Friday, March 5, 2010

Fellow Fathers Take Note: I Have Found Something Of Purest Fucking Genius

One of the drawbacks of Growing Up: you forget the purity of play, the sheer anarchy of expression that goes with childhood. To put it bluntly, grownups need rules.

Kids need 'em too, of course. That's why so many kid games end in screaming arguments with hurt feelings all round. But the difference is that BEFORE those arguments, the kids are having the most brilliantly expressive and creative gameplay you could want. Whereas the adults -- well, they usually don't wind up in screaming matches, no. But that's because of The Rules. And those same rules generally prevent all that amazingly fun gameplay.

Thus it is, my fellow parents, I offer you Brikwars. Unbalanced, loony, fucked-up table-top miniatures gaming rules using Lego bricks, or the equivalent. Plus any other bits of toy crap that happen to be lying around.

Seriously. This stuff is pure goddam genius. Dads of all ilk, I urge you right now to go to the website, locate the rules, and prepare for mayhem with your offspring. Even the rules themselves are hilarious -- as I write this, I'm flicking over to the website in question and reading, and I'm giggling like a loon at the concept of 'Stumble Dice'.

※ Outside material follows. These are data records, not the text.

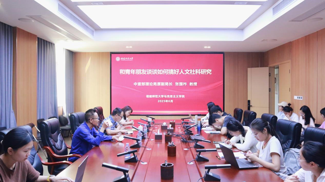 张国祚立足人文社科研究要求,深入阐述了青年学子搞好学术研究需要坚持的重要原则:要明确人文社科研究的意识形态属性,坚定正确政治方向;要选择兼具理论价值与现实意义的选题研究,聚焦党和国家发展的重大问题;要拓宽研究视野,兼具历史纵深意识与国际比较视角;要强化创新思维,辩证把握坚持继承与创新发展的关系,着力推动思想观点、逻辑框架及研究方法的创新;要整合学科资源,打破学科壁垒;要倡导深入浅出、简洁明快的良好文风。他结合自身科研经历,勉励在场学子坚守学术初心,以兴趣为内生动力,凭借扎实的专业根基与深厚的理论储备,以百折不挠的学术韧性勇攀科研高峰。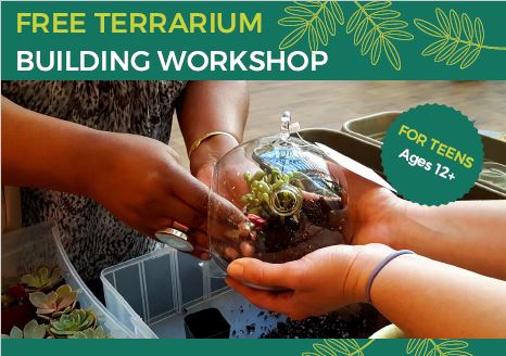 Come to a hands-on workshop and learn how to create a tiny environment for plants to grow, by layering sand, earth, and rocks! Each terrarium can be personalized using moss, stones, and bespoke ornaments. All participants create a unique finished project to take home!
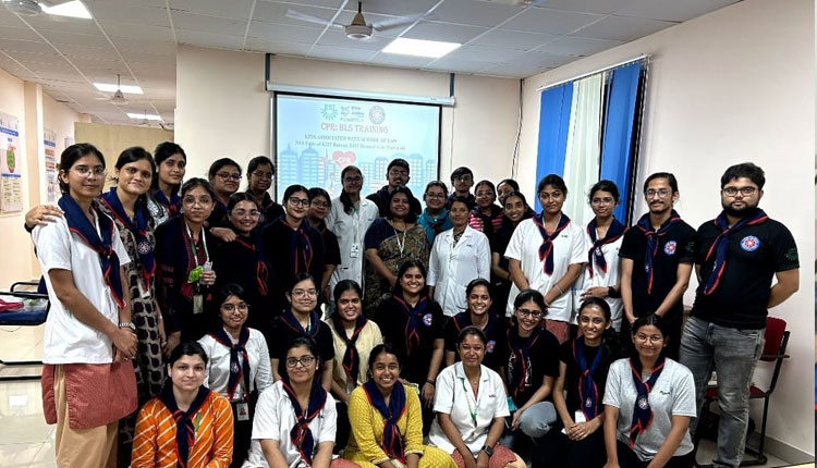 NSS wings of Kalinga Institute of Nursing Sciences (KINS), a constituent of KIIT-DU, organised a training program on cardiopulmonary resuscitation ( and basic life support system on September 7, at Skill Lab, KINS and the programme was conducted by Daini Sunita (KINS-NSS-Project Officer) and Anita Panigrahi (KINS-NSS-PO) and 10 number of KINS NSS volunteers trained 22 NSS volunteers of School of LAW.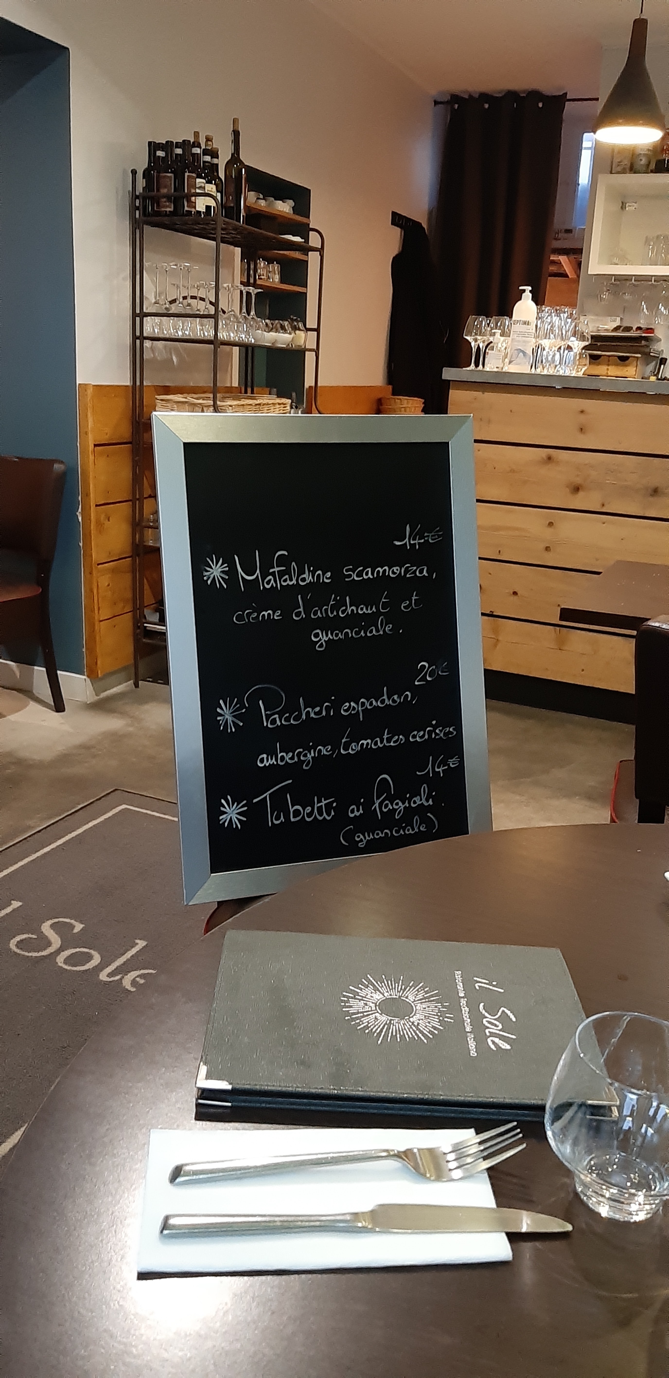 Nous avons mangé ce jour chez Il Sole. Rien à dire ! c'est très bon. Rapport qualité/ prix parfait. Les pâtes sont cuites parfaitement, ni trop.. ni trop peu. Je recommande ce restaurant, et j'y retourne dés que possible.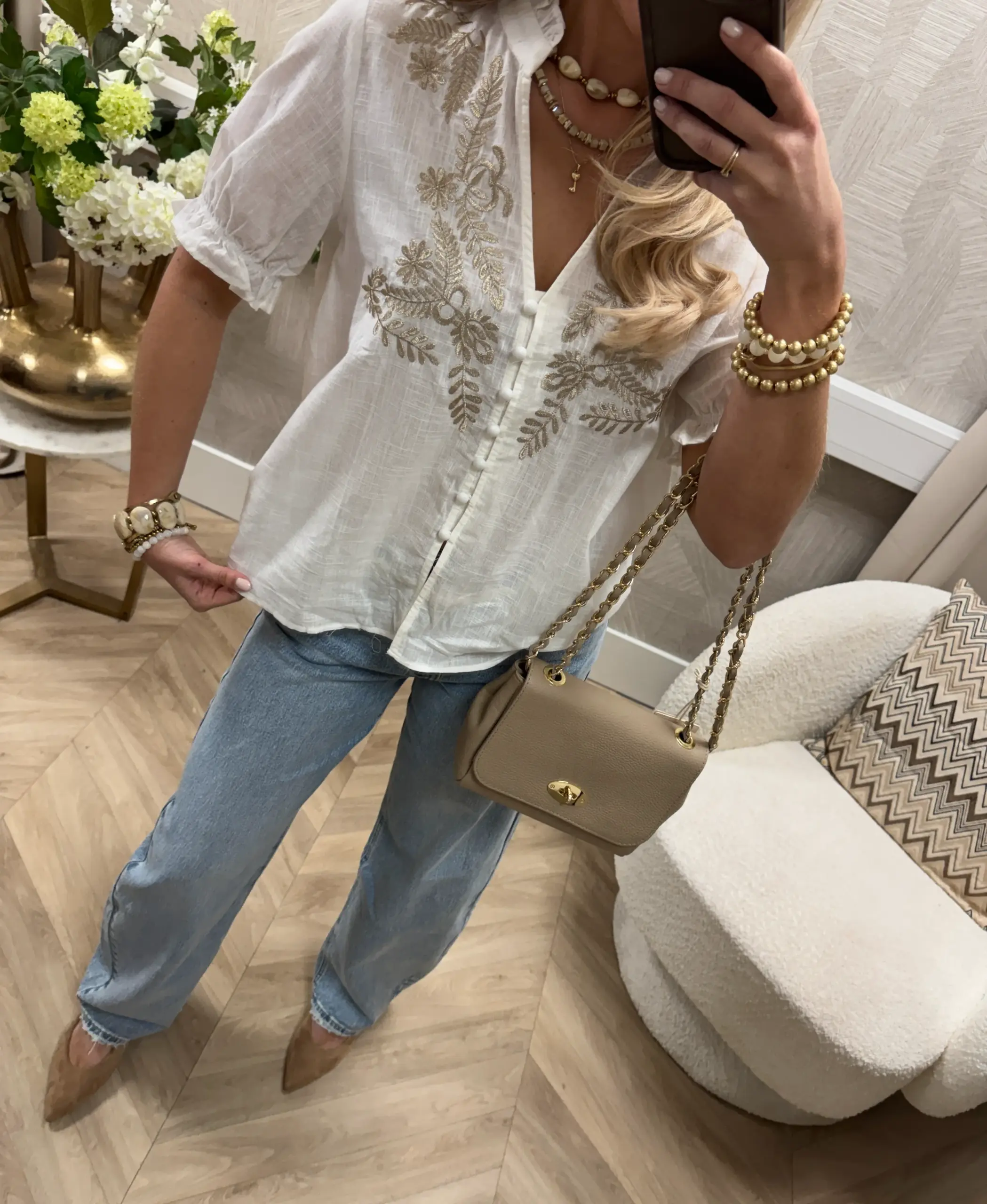 Elegante blouse met verfijnde gouden details op de voorkant voor een luxe uitstraling. De korte pofmouwen geven hem een casual vibe. Perfect voor een chique en stijlvolle look ✨

Oh man. I have absolutely GOT to get myself a really, really big bag of secondhand Lego stuff. The boys are totally not going to know what hit them...


  1. I'll give it a try, we've been playing with the_weapons lego using Brickquest ( until now but the brikwars rules look like providing more quick fun and madness.

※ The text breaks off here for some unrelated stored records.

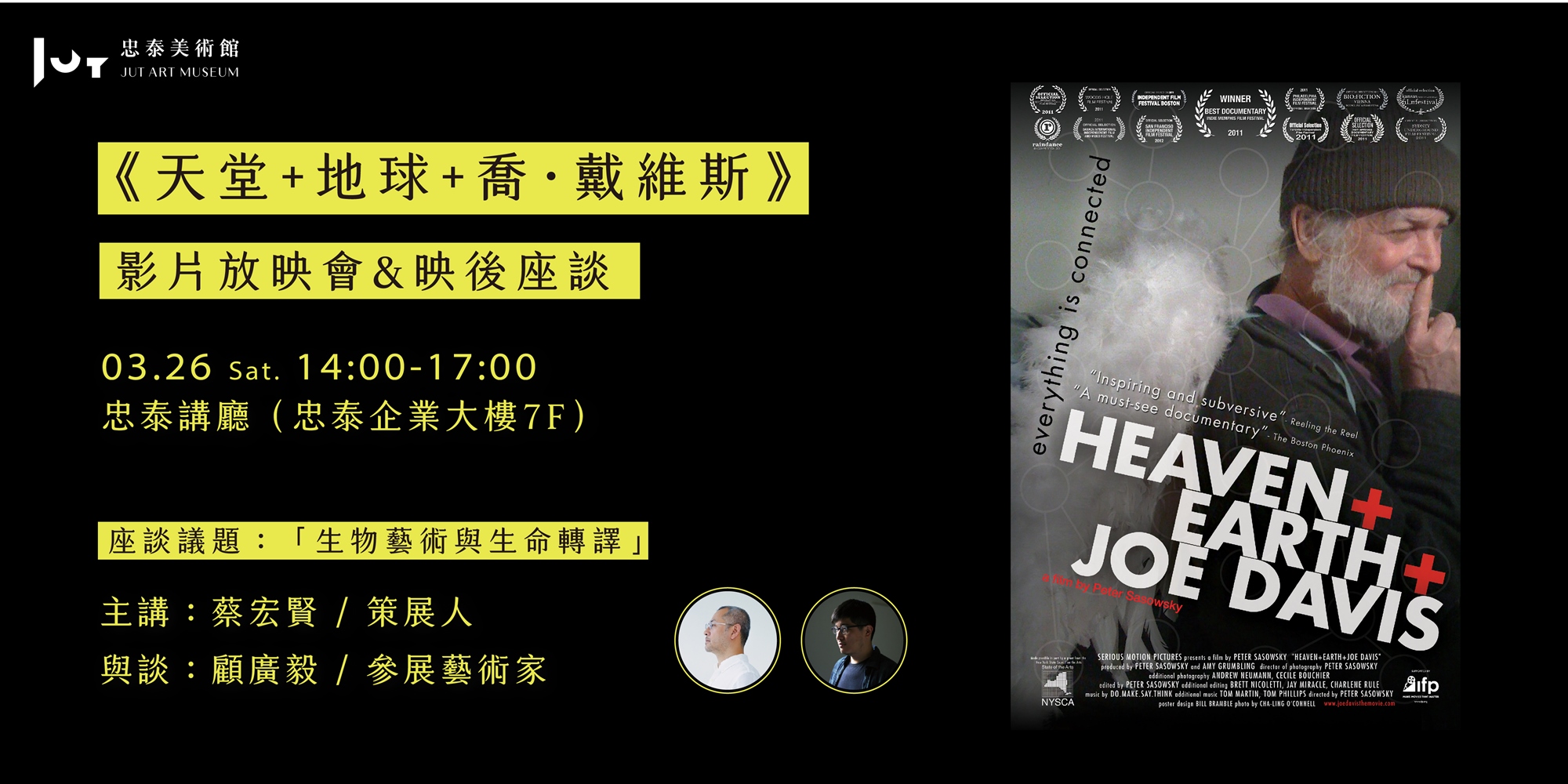 本場次結合影片放映會及映後座談,由美國導演彼得.薩索斯基獨立拍攝的紀錄片《天堂+地球+喬.戴維斯》,獲得舊金山獨立製片電影節和曼菲斯獨立製片電影節獎項肯定,內容紀錄了被譽為「生物藝術之父」的怪才藝術家喬.戴維斯一路透過科學與藝術等複合方式的生命探索歷程;本活動邀請展覽策展人蔡宏賢及參展藝術家顧廣毅於映後針對影片內容及「生物藝術與生命轉譯」議題進行座談,引領觀眾從戴維斯自身的文化背景出發,透過顧廣毅的作品《酷兒白蟻計畫》,分享文化轉譯、存儲、傳遞,進一步藉由藝術提出對生命意義的探索與思考。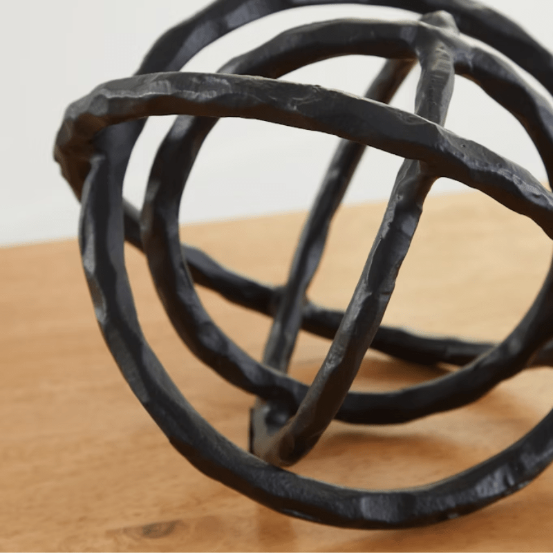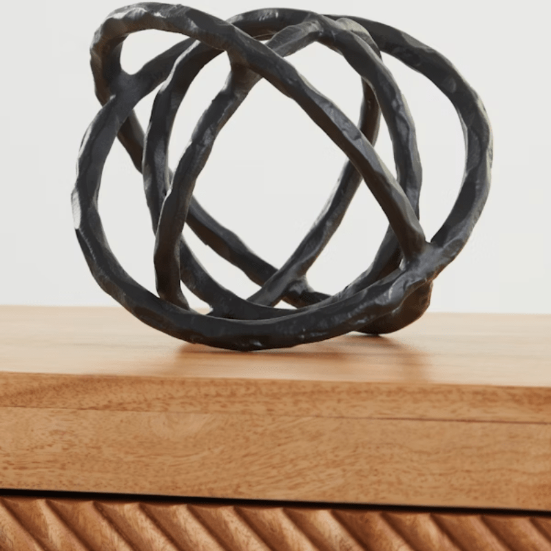 Esta escultura cierra el círculo del arte contemporáneo. Los anillos de metal entrelazados con acabado negro añaden un toque de galería de arte a una mesa consola, estantería o repisa.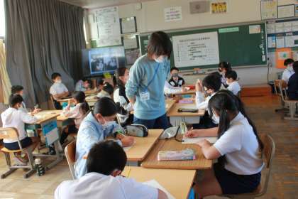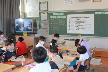 教育実習生による保健の授業が行われました。かむことの大切さについて、学ぶことができました。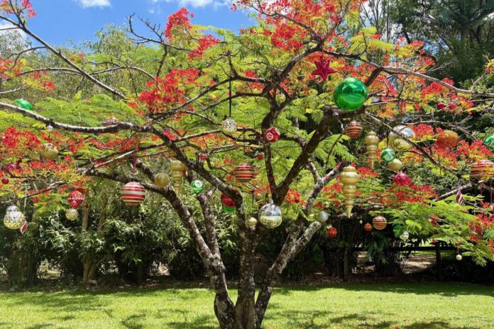 Photographer Prue Henschke was driving between Doonan and Cooroy when she spotted and snapped a photo of this beautiful Royal Poinciana tree in flower decorated for Christmas. Happy Christmas Eve everyone.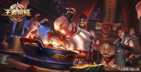 另外还有一个英雄就是程咬金,这个英雄现在还是比较火爆的,而他的厨神皮肤也爆了出来,可以看到程咬金正在给大家做一道大餐,周围的公孙离,安琪拉都在翘首以待,等着吃这道美食呢。不过我在想程咬金的几个技能的特效是什么?多半就是拿着锅铲到处旋了。

    Though with the_weapon being such a starwars fan we may have to use Brikquest SW when they come out.

  2. This comment has been removed by a blog administrator.

  3. Sounds god dam a lego simplified version with destruction of squad leader, reading the rules. I fear however it WILL NOT allow me to buy leggo under the ever watchful gaze of the boss lady

  4. Ebay, dude. You should see my recent purchases list...

  5. Oh, and Mr Barnes -- I spotted Botty-boy when he first posted. But when I tried to remove his post, Blogger crapped out on me. It's been doing that a lot lately. I am unimpressed.

  6. "Don't waste time on stuff nobody cares about. Following the rules and winning are the two lowest priorities on your list. Getting some good laughs during the battle and having a good story to tell afterwards are your primary goals."

    Pure fkn gold - a manifesto for life really! Homer knew this.